Ein knappes Jahr ist vergangen, seit Albrecht die Reform so glänzend durchs Parlament gebracht hat. Bei unserem Gespräch sitzt er in der Schwanenbar des Strassburger EU-Parlaments und sagt: «Ich fühle mich verschaukelt. Es ist vollkommen unabsehbar, ob und wann der EU-Ministerrat eine gemeinsame Position findet und die Verordnung endlich verabschiedet.»

Es sei ein grundsätzliches Problem der Gesetzgebung innerhalb der EU, dass der Ministerrat die Dinge auf die lange Bank schieben könne, wenn die nationalen Regierungen – besonders jene der grossen Länder wie Deutschland, Frankreich oder Britannien – kein Interesse an einem Gesetz hätten. «Das Vorgehen des EU-Ministerrats ist gefährlich. Es untergräbt das Vertrauen der Bürgerinnen und Bürger in die europäischen Institutionen.»

Mehr Mitsprache gefordert

So ist die Geschichte der Datenschutzreform auch eine Geschichte über die Funktionsweise der EU. Das Parlament steht nicht nur im Schatten der nationalen europäischen Parlamente, es wird vom EU-Ministerrat auch bewusst schwach gehalten. Doch die Abgeordneten emanzipieren sich zunehmend und fordern als gewählte VertreterInnen der europäischen BürgerInnen mehr politische Mitsprache ein – so wie Jan Philipp Albrecht.

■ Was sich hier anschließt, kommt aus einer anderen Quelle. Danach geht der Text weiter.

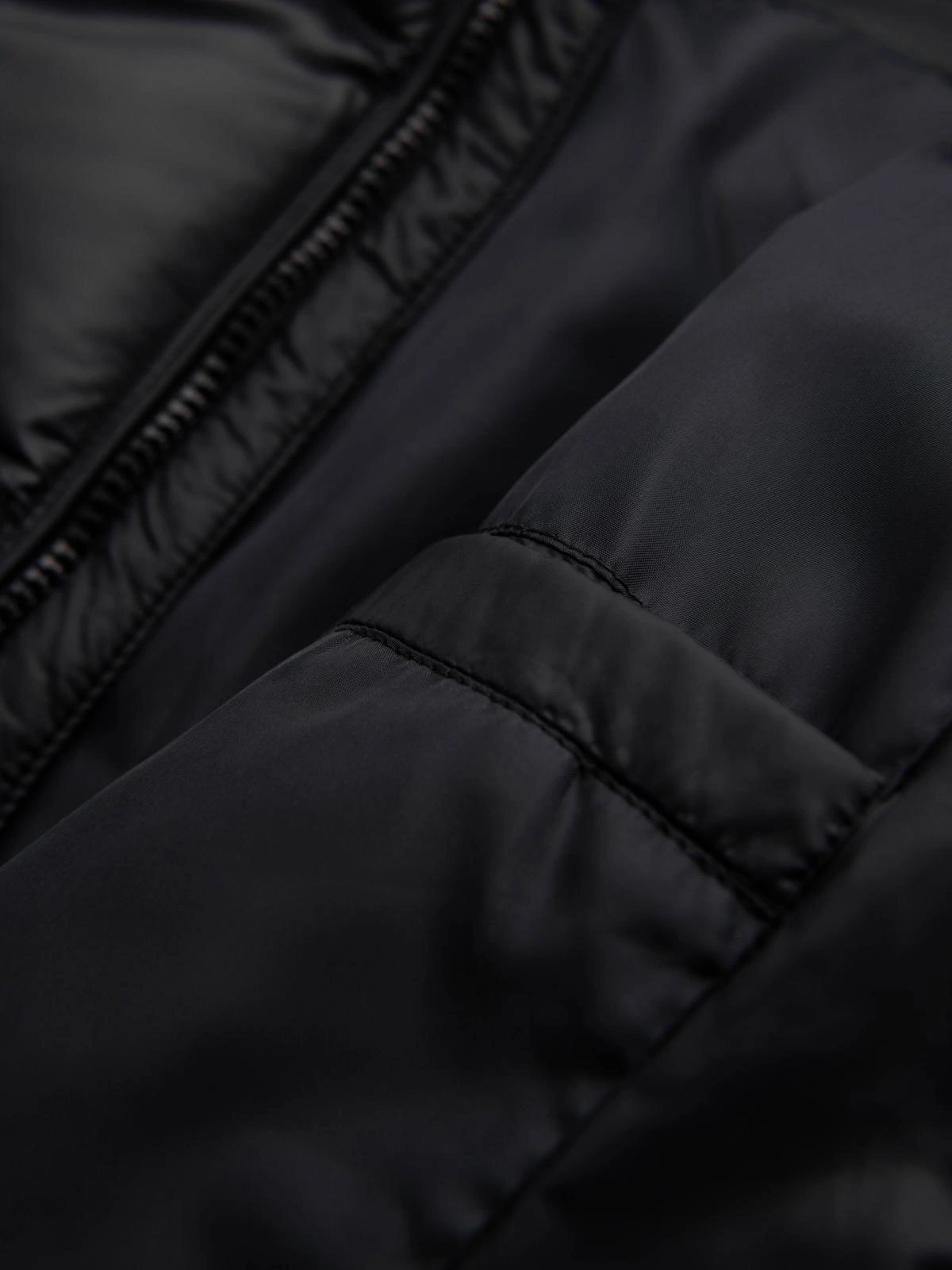 Męska kurtka z kolekcji Ombre Performance zgrabnie łączy ze sobą tkaniny o błyszczącej i matowej strukturze, tworząc ciekawy efekt wizualny. Za jej nowoczesny wygląd odpowiada także nieregularny kształt pikowania. Miękkie syntetyczne wypełnienie długo utrzymuje ciepło, dlatego sprawdzi się przy zmiennej pogodzie. Duże boczne kieszenie z polarową podszewką dodają kurtce funkcjonalności oraz zapewniają wygodę noszenia.

Der sollte längst bei einem nächsten Termin sein, als er zu einer letzten Erläuterung ansetzt: «Selbst wenn der EU-Ministerrat die Datenschutzverordnung endlich verabschiedet, geht der Kampf um unsere informationelle Selbstbestimmung weiter. Zurzeit verhandelt die EU mit den USA über die beiden internationalen Freihandelsabkommen Tisa und TTIP. Da geht es auch um Dienstleistungen im Internet. Kommen diese Abkommen zustande, ist es sehr wahrscheinlich, dass im Markt künftig auch in Europa der viel niedrigere Datenschutzstandard der USA gilt. Das wäre verheerend.»

Jan Philipp Albrecht hat eine sehr lesenswerte Kampfschrift zur EU-Datenschutzreform geschrieben: «Finger weg von unseren Daten! 
Wie wir entmündigt und ausgenommen werden». Knaur Taschenbuch Verlag. München 2014. 192 Seiten. Fr. 11.90.